Thanks for the reply, how do I wait for data become available? As I don't see there's no such methods in DataReader or Subscriber.

Yes, there are no direct methods to wait, but DataReader implements interfaces to wait for incoming data. You can use either the mio package, either version 0.6 or 0.8, or use async programming and call async_sample_stream.

Thanks. I looked at the traits DataReader implements but it was not obvious to me which interface that allows for waiting for incoming data?

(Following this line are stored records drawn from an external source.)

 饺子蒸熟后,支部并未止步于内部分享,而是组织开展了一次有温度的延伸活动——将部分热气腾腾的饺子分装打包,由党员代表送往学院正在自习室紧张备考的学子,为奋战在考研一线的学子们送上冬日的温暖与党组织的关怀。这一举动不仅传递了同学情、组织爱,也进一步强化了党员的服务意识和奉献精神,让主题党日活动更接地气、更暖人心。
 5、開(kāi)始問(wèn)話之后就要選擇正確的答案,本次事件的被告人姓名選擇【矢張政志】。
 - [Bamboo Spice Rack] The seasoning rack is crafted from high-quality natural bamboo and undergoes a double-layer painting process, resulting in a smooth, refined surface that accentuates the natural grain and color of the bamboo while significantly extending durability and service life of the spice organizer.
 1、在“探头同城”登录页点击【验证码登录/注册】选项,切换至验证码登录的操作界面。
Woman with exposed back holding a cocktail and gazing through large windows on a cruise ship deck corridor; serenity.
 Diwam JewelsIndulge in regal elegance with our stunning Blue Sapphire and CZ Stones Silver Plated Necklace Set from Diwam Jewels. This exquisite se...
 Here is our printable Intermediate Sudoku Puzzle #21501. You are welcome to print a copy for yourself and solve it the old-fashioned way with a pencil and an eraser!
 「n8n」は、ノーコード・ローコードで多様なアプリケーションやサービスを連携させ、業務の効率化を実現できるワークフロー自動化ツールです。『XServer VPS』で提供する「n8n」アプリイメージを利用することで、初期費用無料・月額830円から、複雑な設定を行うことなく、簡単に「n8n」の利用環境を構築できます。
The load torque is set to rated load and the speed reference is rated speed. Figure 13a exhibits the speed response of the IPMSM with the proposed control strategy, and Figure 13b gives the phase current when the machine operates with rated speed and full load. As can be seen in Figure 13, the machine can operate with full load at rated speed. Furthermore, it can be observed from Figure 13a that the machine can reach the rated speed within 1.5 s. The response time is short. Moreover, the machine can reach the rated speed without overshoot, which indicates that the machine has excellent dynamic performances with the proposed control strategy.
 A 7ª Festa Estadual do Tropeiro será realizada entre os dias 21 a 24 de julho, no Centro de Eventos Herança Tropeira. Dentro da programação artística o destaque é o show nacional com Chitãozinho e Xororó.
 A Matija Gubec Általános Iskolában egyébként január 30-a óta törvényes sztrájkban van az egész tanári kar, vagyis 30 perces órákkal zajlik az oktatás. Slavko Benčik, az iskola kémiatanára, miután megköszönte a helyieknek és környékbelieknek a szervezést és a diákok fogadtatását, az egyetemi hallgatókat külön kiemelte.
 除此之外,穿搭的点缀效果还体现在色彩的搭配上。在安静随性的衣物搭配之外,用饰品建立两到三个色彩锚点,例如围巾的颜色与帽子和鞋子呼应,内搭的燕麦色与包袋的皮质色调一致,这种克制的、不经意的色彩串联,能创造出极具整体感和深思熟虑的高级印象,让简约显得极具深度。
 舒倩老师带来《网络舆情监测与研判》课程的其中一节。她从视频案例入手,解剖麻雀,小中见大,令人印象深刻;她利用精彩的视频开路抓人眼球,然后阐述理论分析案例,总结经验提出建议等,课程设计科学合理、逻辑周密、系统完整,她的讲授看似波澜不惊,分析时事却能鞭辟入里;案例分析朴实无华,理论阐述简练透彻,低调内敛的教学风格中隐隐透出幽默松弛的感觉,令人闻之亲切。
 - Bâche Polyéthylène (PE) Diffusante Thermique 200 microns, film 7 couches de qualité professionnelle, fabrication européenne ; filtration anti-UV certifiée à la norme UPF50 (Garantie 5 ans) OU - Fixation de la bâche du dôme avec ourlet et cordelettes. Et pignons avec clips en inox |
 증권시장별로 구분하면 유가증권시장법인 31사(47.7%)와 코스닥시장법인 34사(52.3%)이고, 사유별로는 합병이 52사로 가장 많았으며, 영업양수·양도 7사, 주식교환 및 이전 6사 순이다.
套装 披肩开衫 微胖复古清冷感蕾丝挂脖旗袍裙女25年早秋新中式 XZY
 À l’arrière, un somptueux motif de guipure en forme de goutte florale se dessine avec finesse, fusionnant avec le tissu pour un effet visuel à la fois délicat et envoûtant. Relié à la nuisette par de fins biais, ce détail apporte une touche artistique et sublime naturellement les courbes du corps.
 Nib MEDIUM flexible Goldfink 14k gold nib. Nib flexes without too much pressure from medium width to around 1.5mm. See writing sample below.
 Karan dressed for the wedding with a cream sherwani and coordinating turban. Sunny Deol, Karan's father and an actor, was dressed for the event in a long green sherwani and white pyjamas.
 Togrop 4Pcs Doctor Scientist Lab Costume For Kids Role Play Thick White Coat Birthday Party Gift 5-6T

Thanks for any clarification

async_sample_stream gives you a stream, which is basically an asynchronous iterator. It can be called multiple times to get a future of the next element in the stream, and awaiting the future makes that part of the program wait for the incoming data. See the (section on streams in the) async rust book, and you can take a look at the async_shapes_demo when you have gotten up to speed on asynchronous rust.

Thank you. I'll look into async of Rust. At first I was just toying with this library and wanted to come up with some 'hello world' program. I think the fact that DataReader.take(&mut self, max_sample, read_condition) is not very useful if it returns even there's nothing available. I think a more reasonable behavior is that it should block if there's no data.